Hawaii Kilauea Volcano Update: Boat Ramp Still Standing, Lava Advancing

The lava flowing from Hawaii’s Kilauea volcano was expected to reach a boat ramp in Isaac Hale Park last week, but it has held off.

The lava was less than a tenth of a mile from the Pohoiki boat ramp on July 24 and remained about 575 feet from the ramp as of Monday night, according to the United States Geological Survey. Although the lava was flowing, the southern edge of the flow field was not expanding or advancing in the direction of the ramp.

july 30 boat ramp The lava flowing from the Kilauea volcano on Hawaii has remained less than 600 feet from the Pohoiki boat ramp in Isaac Hale Park. This photo from July 30 shows how far the lava had reached as of that day. United States Geological Survey

The lava was actively entering the ocean at a few points, indicated on the map of the flows from July 30. Lava was flowing from Fissure 8 on the island and sustaining a channel of lava that was heading northeast from the vent.

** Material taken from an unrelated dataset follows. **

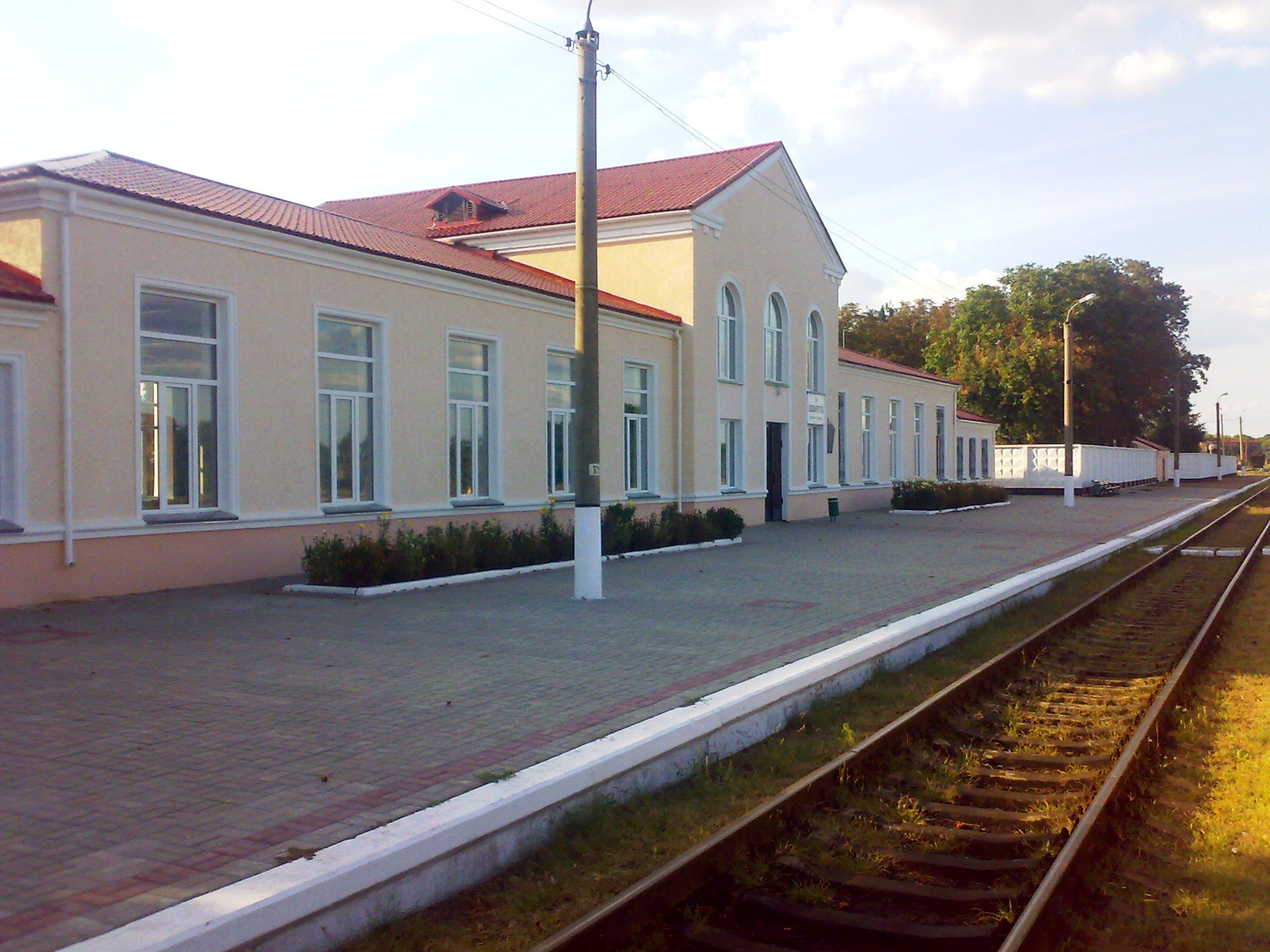 Train station in Novomyrhorod (Kirovohrad Oblast, Ukraine)

Even though the lava is flowing, the levels of lava present in the channel, or lava river, were lower than they have been throughout most of the eruption. The low levels of lava have kept overflows of the lava at bay as well. When the lava first reached the ocean, it was entering at Kapoho Bay, which quickly filled with lava. Once the bay was full of lava, it continued to flow out to the ocean, where it extended the coastline.

That lava has added more than 700 acres of new land since the lava reached the ocean. The ocean-entry point, where the lava is reaching the water, is dangerous. During a boat tour of the lava's ocean entry, 23 people were injured when a lava bomb hit the boat they were on earlier this month.

july 30 map This map from the U.S. Geological Service (USGS) shows the active lava flows on Hawaii coming from the Kilauea volcano, as well as the Pohoiki boat ramp in Isaac Hale Park. United States Geological Survey

The ocean entry point has created a large laze (or lava haze) plume that is dangerous, according to a release from Hawaii Civil Defense. That plume has hydrochloric acid in it that can be harmful to the skin, eyes and lungs of anyone who gets too close to it.

Besides Fissure 8, there were no other active fissures causing lava to flow actively. Collapse events at the summit of the volcano were still causing earthquake-like shakes across the island. There was work planned for Highway 11 on Tuesday between noon and 1:30 p.m. HDT for investigative purposes, said Civil Defense. That work would shut down the highway from Kukui Camp Road to North Kulani Road. Drivers were also asked to stay on the pavement of the highway and be aware of any conditions that might change quickly.